MPI_Finalize(ierror)
Terminates MPI execution environment This call must be made by every process in a MPI computation. It terminates
the MPI "environment", no MPI calls my be made by a process after
its call to MPI_Finalize.
MPI_Comm_split ( comm, size, ierror)
Creates new communicator based on the colors and keys The single call to MPI_Comm_split creates q new communicators,
all of them having the same name, *new_comm. It creates a new communicator
for each value of the split_key. Process with the same value
of split_key form a new group. The rank in the new group is determined
by the value of rank_key. If process A and process B call
MPI_Comm split with the same value of split_key, and the rank_key argument
passed by process A is less than that passed by process B, then the rank
of A in underlying group new_comm will be less than the rank of process
B. It is a collective call, and it must be called by all the processes
in old_comm.
MPI_Comm_group (comm, group, ierror)
Accesses the group associated with the given
communicator
MPI_Group_incl (old_group, new_group_size, ranks_in_old_group
, new_group, ierror)
Produces a group by reordering an existing
group and taking only unlisted members
MPI_Comm_create(old_comm, new_group, new_comm, ierror)

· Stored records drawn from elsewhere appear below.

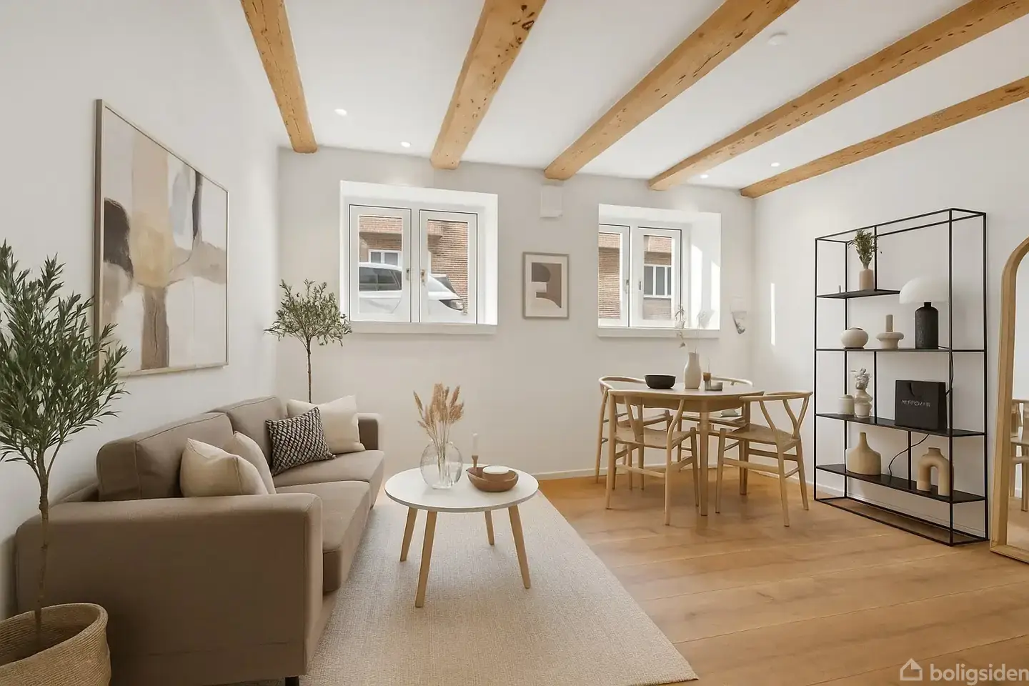 Toprenoveret lejlighed med synlige bjælker
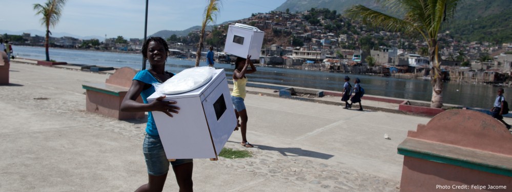 [caption id="attachment_2610" align="aligncenter" width="584" caption="Carrying a new SOIL household EcoSan toilet home in Shada, Cap-Haitien."]
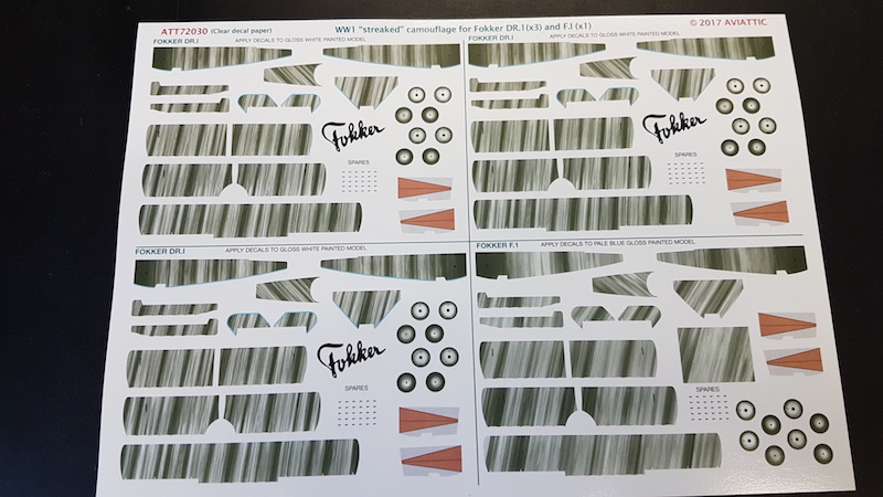Aviattic - 1/72 WWI streaked camouflage for Fokker Dr.I (x 3) and F.I (x 1). Contains three full sets with interior details for DR.I and one F.I

Creates a new communicator Groups and communicators are opaque objects. From a parctical standpoint,
this means that the details of their internal representation depend on
the particular implementation of MPI, and, as a consequence, they cannot
be directly accessed by the user. Rather the user access a handle that
refrences the opaque object, and the objects are manipulated by special
MPI functions MPI_Comm_create, MPI_Group_incl and MPI_Comm_group. Contexts
are not explicitly used in any MPI functions. MPI_Comm_group simply returns
the group underlying the communicator comm. Mpi_Group_incl creates a new
group from the list of process in the existing group old_group. The number
of process in he new group is the new_group _size, and the processes to
be included are listed in ranks_in _old_group. MPI_Comm_create associates
a context with the group new_group and creates the communicator new_comm.
All of the process in new_group belong to the group underlying old_comm.
MPI_Comm_create is a collective operation. All the processes in old_comm
must call MPI_Comm_create with the same arguments.
double precision MPI_Wtime( ) Returns an ellapsed time on the calling processor MPI provides a simple routine MPI_Wtime( ) that can be used to time
programs or section of programs. MPI_Wtime( ) returns a double precision
floating point number of seconds, since some arbitrary point of time in
the past. The time interval can be measured by calling this routine at
the beginning and at the end of program segment and subtracting the values
returned.
MPI_Sendrecv (sendbuf, sendcount, sendtype, dest, sendtag, recvbuf,
recvcount, recvtype, source, recvtag, comm, status, ierror)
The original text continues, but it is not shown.